Anonymous Anonymous said...

I have wondered about the book Three Cups of Tea. Thanks. Also, I found Eat, Pray, Love a little less desirable than the media portrays it for the reasons you mentioned, and also that she started the experience "manless" and ended up "finding someone." Maybe it's just timing that her happiness/resolution comes with finding another person to enter her life, and the great sorrow comes when she gets divorced. Maybe the book would have been the same if she'd ended her journey alone. But I wonder if it would have looked differently.

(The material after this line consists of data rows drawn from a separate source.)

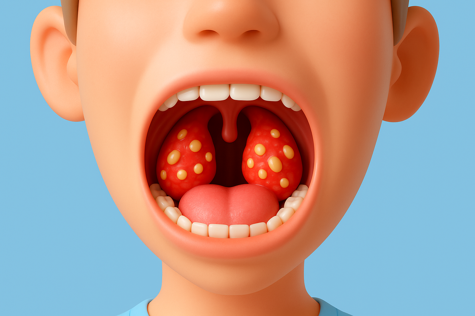 Gejala: nyeri tenggorokan, demam ringan, gejala flu.
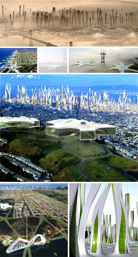 What might the world’s major cities look like in 10, 20 or even 50 years? This strangely ingenious and forward-thinking design “uses Geothermal Mushroom structures to extract heat and water from deep in the earth, and whimsical Fog Flowers to render moisture from the air and grow algae, which would then be turned into hydrogen for fuel.” While many (or most or all) of its particulars might never be realized it is truly an exercise in thinking freely about the potentials and problems of a future in which re-urbanization seems all but inevitable. (Source)
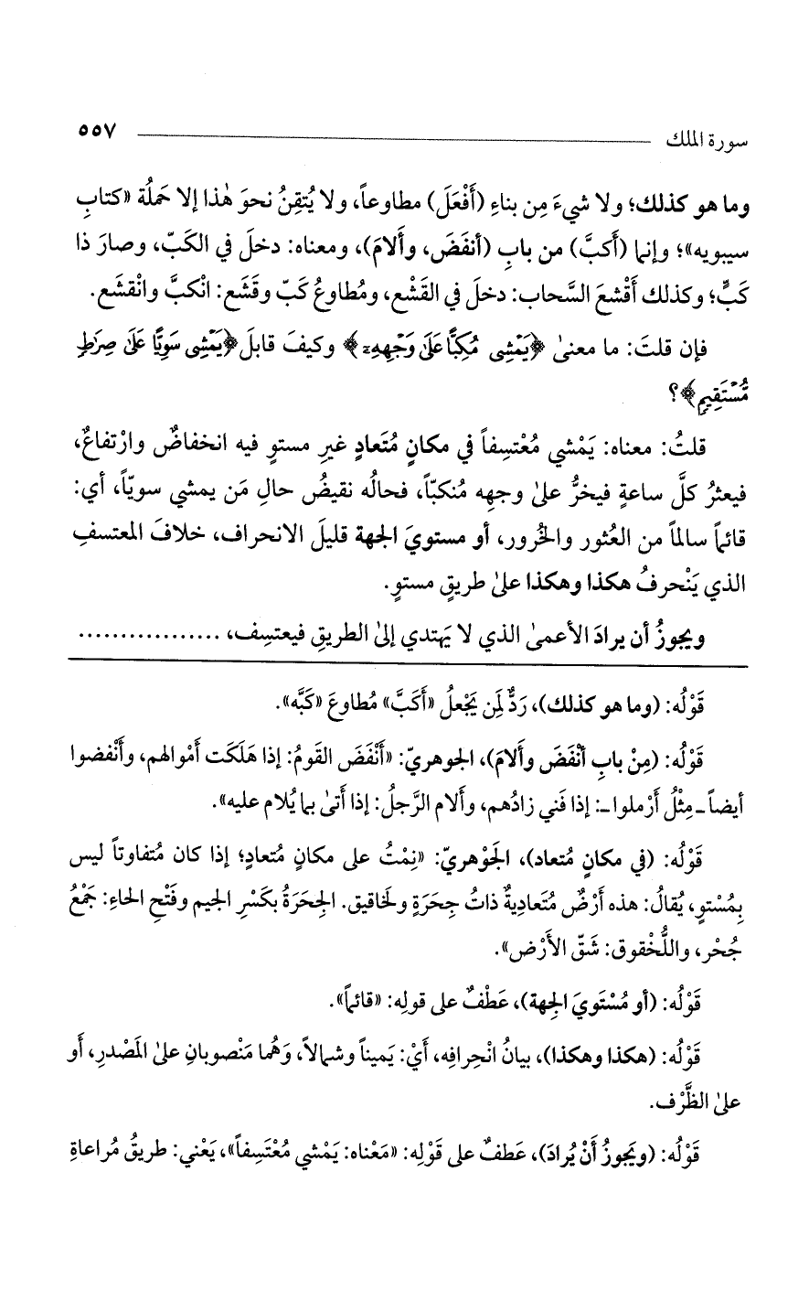 قلت: معناه: يمشي معتسفًا في مكان متعاد غير مستو فيه انخفاض وارتفاع، فيعثر كل ساعة فيخر على وجهه منكبا، فحاله نقيض حال من يمشي سويا، أي: قائما سالما من العثور والخرور، أو مستوى الجهة قليل الانحراف، خلال المعتسف الذي ينحرف هكذا وهكذا على طريق مستو.
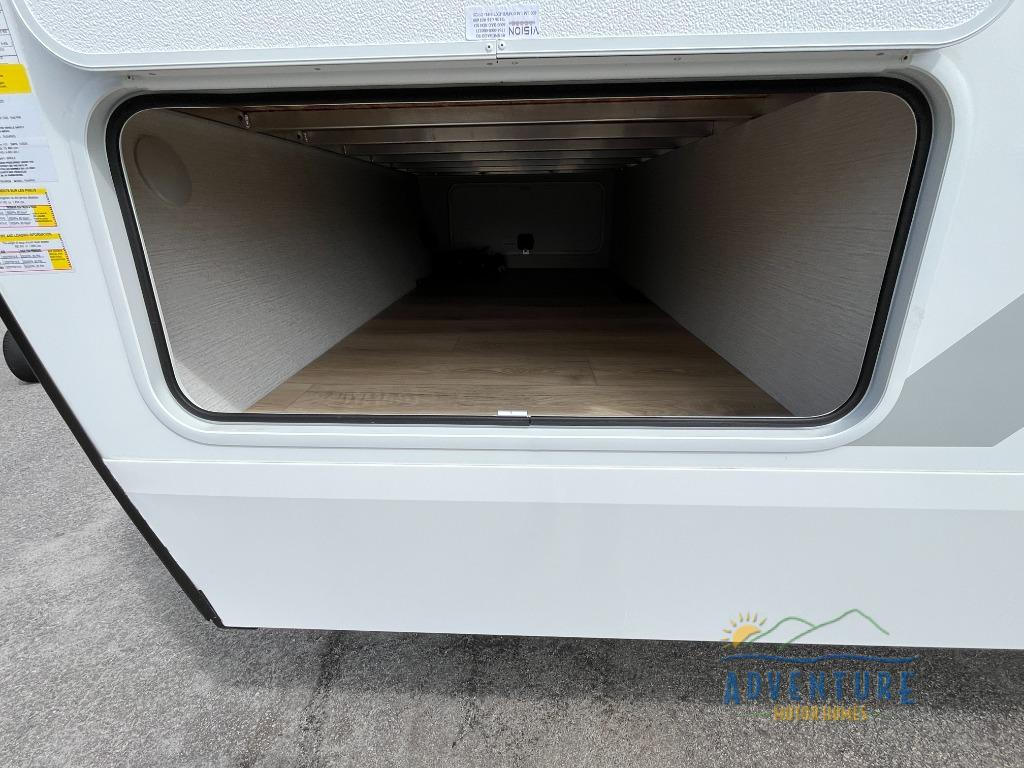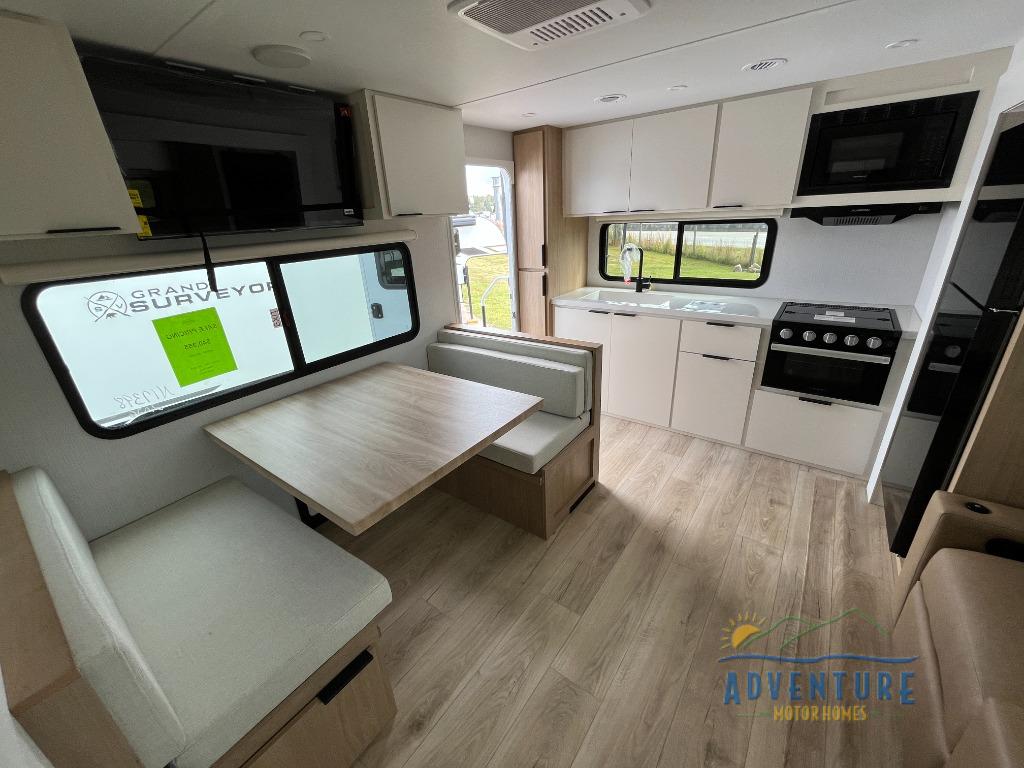 With any Thrive travel trailer by Winnebago, you can camp with functionality, comfort, and convenience! The large front viewing window with strike guard will be the first thing that catches your eye, and the fiberglass sidewalls with Azdel Onboard provide a durable trailer made to last. There is also an exterior ladder, along with front radius profile lights, power stabilizer jacks, and a powered awning with LED lighting to name a few exterior features. You will stay powered up by the 30-amp power cord and 200-watt solar panel, plus there is a tankless water heater for endless hot showers. Inside, you'll love the custom Winnebago furniture, carpetless side outs, molded fiberglass countertops, and residential recessed ceiling lights to keep your space well lit!
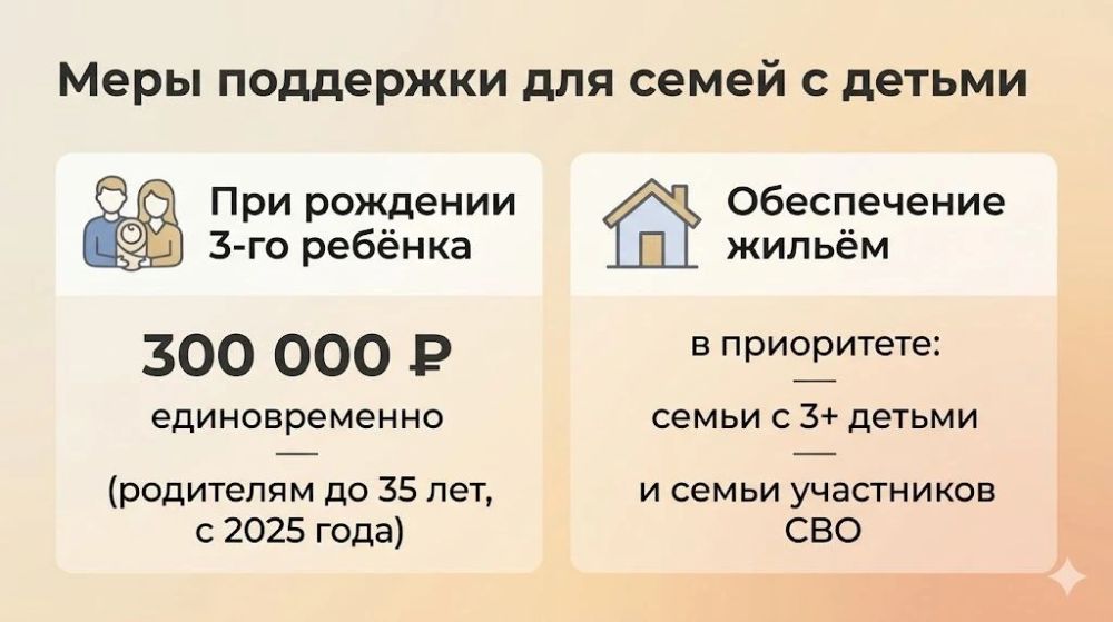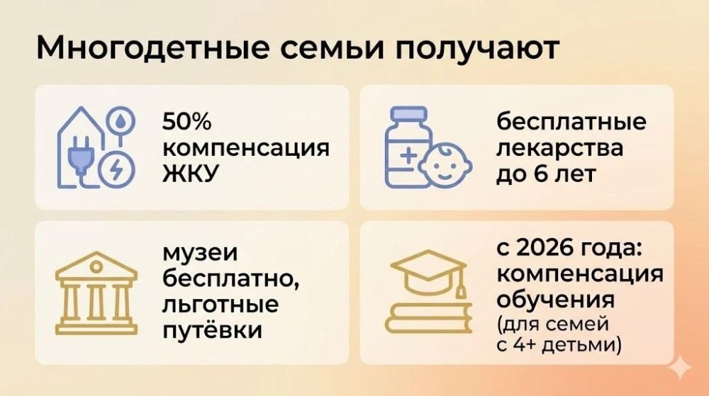 Помощь включает компенсацию школьного питания, проезда в общественном транспорте, коммунальных услуг, затрат на школьную форму и отдых. Многодетные семьи также вправе рассчитывать на материнский капитал, земельные участки и участие в программе семейной ипотеки.
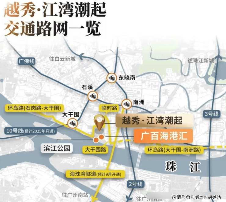 自驾:项目北侧为一横路,南侧为环岛路,临近广州环城高速。环岛路作为海珠的重点建设项目,一旦贯通,将激活海珠“产-商-居”内循环,加强海珠各板块之间的联系。此外,海珠湾隧道预计今年开通,通车后开车到广州南站仅需约15分钟。

To her benefit, I saw the author on Oprah--and she came across much less narcissistic than she does in the book. She seemed much more likeable. And all writers have to be narcissistic to a degree to think someone wants to read their writing. So I can forgive her that.

7:13 AM  
Blogger MojoMom said...

I don't mean to be unkind to Elizabeth Gilbert of Eat, Pray, Love. My honest review is that it was difficult for me to wade through her book, which really surprised me. I think my criticism can be summed up by saying that I really didn't learn as much about Italy, Indonesia or India by reading the book as I learned about her. I also felt that she wasn't able to be totally honest about the difficult parts of her story, that she was self-editing on the one hand, and blurring her life with the countries she was visiting on the other. When she wrote that she had a lack of boundaries her perspective made a lot more sense to me.

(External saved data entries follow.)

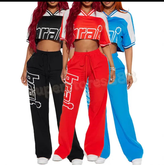 Women Trending Tracksuit Open Top, High Waisted Pants 2pc Set-Various Colours
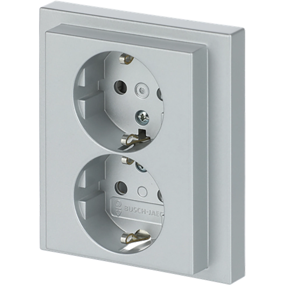 Busch-Jaeger dubbel stopcontact met randaarde en verhoogde aanraakbeveiliging, Future Linear, aluzilver mat. Geschikt voor enkele inbouwdoos.
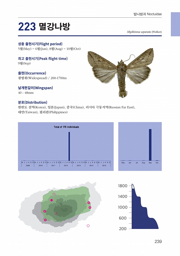 239 밤나방과 Noctuidae Mythimna separata Walker 성충 출현시기 Flight period 5월 May 6월 Jun , 8월 Aug 10월 Oct 최고 출현시기 Peak fight time 9월 Sep 출현 Occurrence 광범위 Widespread 200-1700m 날개편길이 Wingspan 40 48mm 분포 Distribution 한반도 전역 Korea , 일본 Japan , 중국 China , 러시아 극동지역 Russian Far East , 대만 Taiwan , 필리핀 Philippines 223 멸강나방 M J J A S O M J J A S O M J J A S O M J J A S O M J J A S O M J J A S O M J J A S O May Jun ...
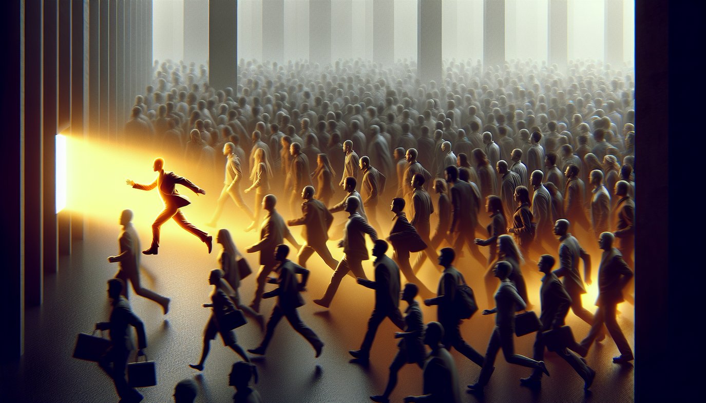 This is what social psychologists call pluralistic ignorance — a phenomenon where everyone privately feels alarmed but publicly acts calm, because they’re taking their cues from everyone else’s calm exterior. You look around. Nobody’s panicking. So maybe it’s not that bad? Each person suppresses their own alarm in response to the group’s apparent composure — composure that is itself a mask.
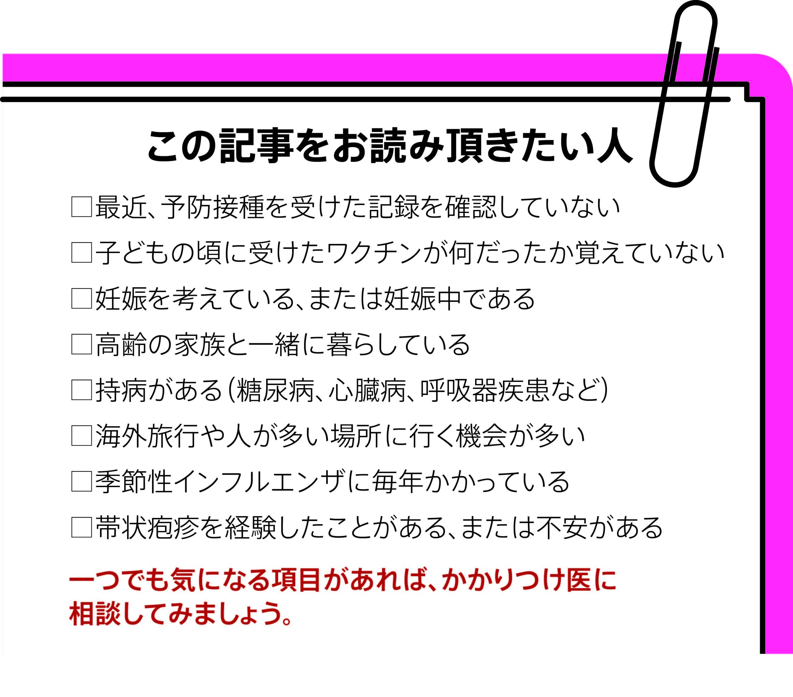 麻疹、風疹、インフルエンザ、HPV、帯状疱疹、肺炎球菌――私たちの暮らしのすぐそばに、予防できる病気はたくさんあります。

The contrast with Three Cups of Tea really stood out in two ways. First, I did learn a lot about Pakistan, Afghanistan, and America's failed opportunities to be more effective there on a peacemaking, social support level. Kabul still does not have regular electric power today. We need to think as much about rebuilding and humanitarian aid as we did about fighting a war against the Taliban.

Second, Greg Mortenson has put his life on the line for more than a decade to advance his mission, which has only gotten more difficult since 2001, and, I would imagine, more dangerous than ever today after Benazir Bhutto's assassination. I feel for Mortenson's family and I don't think I could be married to someone in his position, but I greatly admire his work.

Elizabeth Gilbert's world travels were planned with a book deal already in hand which feels so much less natural, and sets the project in a whole different light for me.

11:12 AM  
Blogger Cary Tennis said...

Thank you for noting my recommendation of Hillary Rettig's book "The Lifelong Activist."

I also have a book which I would like you to know about. It is a collection of columns and can be found at

12:11 PM  
Anonymous Anonymous said...

Oh Amy. You always make me smile.

7:34 PM  
Blogger Christine said...

Thank you for these great recommendations. I'm going to have to buy a new bookshelf now!

2:52 AM  
Blogger MamaMo said...

Sort of on the topic of "soft addictions", I think you'll enjoy this short video on "The Story of Stuff"

1:01 PM  
Blogger MojoMom said...

Good point, and in fact I wrote about The Story of Stuff recently on my CNET blog (parent.thesis) so I hope you'll check that out as well.

1:10 PM  
Blogger MojoMom said...

Hi to Cary Tennis--thanks for stopping by the Mojo Mom blog. I just started reading your book today. It's fascinating. I appreciate your thoughtfulness, especially online at Since You Asked, where you seem very aware that the community can hurt as well as help with their copious comments.

It's a real challenge being an advice columnist who is backed up by a Greek Chorus of hundreds of Salon commenters whether you like it or ont!